TechPrecision: A Growth Company Trading at the Wrong Price

Despite strong growth forecast, investors should remain on the sidelines for now

September 13, 2019 | About:

TechPrecision Corp. (TPCS) has begun tapping into profitability, and the recent success of its business operations has helped the stock gain 59% so far this year.

The defense industry, which accounted for 84% of revenue in 2019, has a positive outlook. Allocations to naval vessels, the core area of the company’s operations, however, have yet to increase, according to the 2020 National Defense Authorization Act. The company also does not have a key customer outside the defense industry, which raises concerns about continued profitability.

Even though the company has attractive prospects, waiting for a better opportunity to invest in the stock is the right decision. The stock should be closely monitored by investors to identify an attractive entry point.

Industry outlook and business strategy

TechPrecision primarily serves two industries: defense and renewable energy. In the defense sector, the company derives its revenue from the U.S. Navy by selling warships and submarine components to the department's contractors. It is also involved in the supply of guns and weapon-handling equipment. Its revenue from the alternative energy industry, which makes up 16% of total revenue, is generated by selling parts for nuclear reactors, wind turbines and solar panels.

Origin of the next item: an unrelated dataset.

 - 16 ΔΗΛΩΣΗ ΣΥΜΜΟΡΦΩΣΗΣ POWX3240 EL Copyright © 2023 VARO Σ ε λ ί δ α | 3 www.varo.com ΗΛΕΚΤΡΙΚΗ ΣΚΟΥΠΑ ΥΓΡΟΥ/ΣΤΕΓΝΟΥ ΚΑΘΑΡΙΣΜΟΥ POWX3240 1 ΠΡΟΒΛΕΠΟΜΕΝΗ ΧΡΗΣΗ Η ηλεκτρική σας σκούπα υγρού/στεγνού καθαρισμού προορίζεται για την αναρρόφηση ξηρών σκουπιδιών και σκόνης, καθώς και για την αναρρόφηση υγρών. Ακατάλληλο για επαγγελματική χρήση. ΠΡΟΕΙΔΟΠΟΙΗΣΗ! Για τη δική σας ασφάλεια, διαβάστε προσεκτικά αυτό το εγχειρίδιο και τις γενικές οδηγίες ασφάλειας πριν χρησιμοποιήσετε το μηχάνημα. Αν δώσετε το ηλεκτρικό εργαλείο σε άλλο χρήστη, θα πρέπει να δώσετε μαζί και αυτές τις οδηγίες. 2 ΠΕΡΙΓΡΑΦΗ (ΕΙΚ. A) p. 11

The Navy's 2019 budget was $194.1 billion, a 7% increase from 2018. Of this, $24.2 billion was allocated to shipbuilding and conversion, which is an increase from $22 billion in 2018 and $21.2 billion in 2017. Congress has approved another $24 billion budget for naval vessels for fiscal 2020. The department projects it will need 306 ships by 2023, up from 299 in 2019. Consequently, it is likely to maintain the shipbuilding budget allocations over the next four years. This inevitably means TechPrecision will receive a higher number of orders in the future.

Currently, Electric Boat and Huntington Ingalls are the major defense contractors working with TechPrecision. The two entities are working together to deliver the Virginia and Colombia classes of submarines. TechPrecision has ongoing contracts with both companies that are expected to yield $12 million in revenue over the next two years. On the fourth-quarter earnings call in June, CEO Alex Shen reported that contractors were seeking more parts suppliers to enhance manufacturing capacity. In addition, last April, Electric Boat Chief Financial Officer Jason Aiken said the company's capital expenditures had increased by 75% from the prior-year quarter due to increasing demand in the defense sector.

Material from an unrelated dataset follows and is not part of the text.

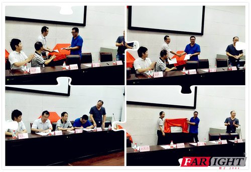 圖為:華清遠見易總監和桂電揭牌瞬間 10點過后,在眾多老師見證下,舉行華清遠見---桂電校企合作簽約儀式。會上,首先由雙方代表發言,描繪了華清---桂電合作的宏偉藍圖。然后,由雙方代表在協議書上簽字、交換協議。其次郭處長、黨主任與易總一起揭牌,其中有華清---桂電共建實驗室,共建創客學院等等牌匾。后,由易總進行實驗器材捐贈儀式。

The global renewable energy industry is also forecasted to grow steadily. According to a 2019 report by Zion Market Research, the solar industry will grow at a compounded annual rate of 11.2% between 2019 and 2025. Further, the World Nuclear Organization estimates the installed nuclear capacity will increase by 25% globally between 2019 and 2040. Moreover, wind power is set to grow by 300 gigawatts over the next five years. In 2018, windfarm installations increased by 51.3 gigawatts.

Because of its small size, TechPrecision cannot compete effectively with large companies in the industry. As a result, it concentrates on a niche group of customers. According to its annual report, the company generated 70% of revenue from three customers in 2019 and 58% from two customers in 2018. This indicates it is dependent on a few large customers, which is the major risk facing it at present.

Financial performance

TechPrecision has not reported significant sales growth over the last several years. More importantly, its revenue does not have a clear trend. For fiscal 2019, the company reported negative revenue growth. In 2016 and 2019, the poor performance was attributed to lower sales in the defense segment.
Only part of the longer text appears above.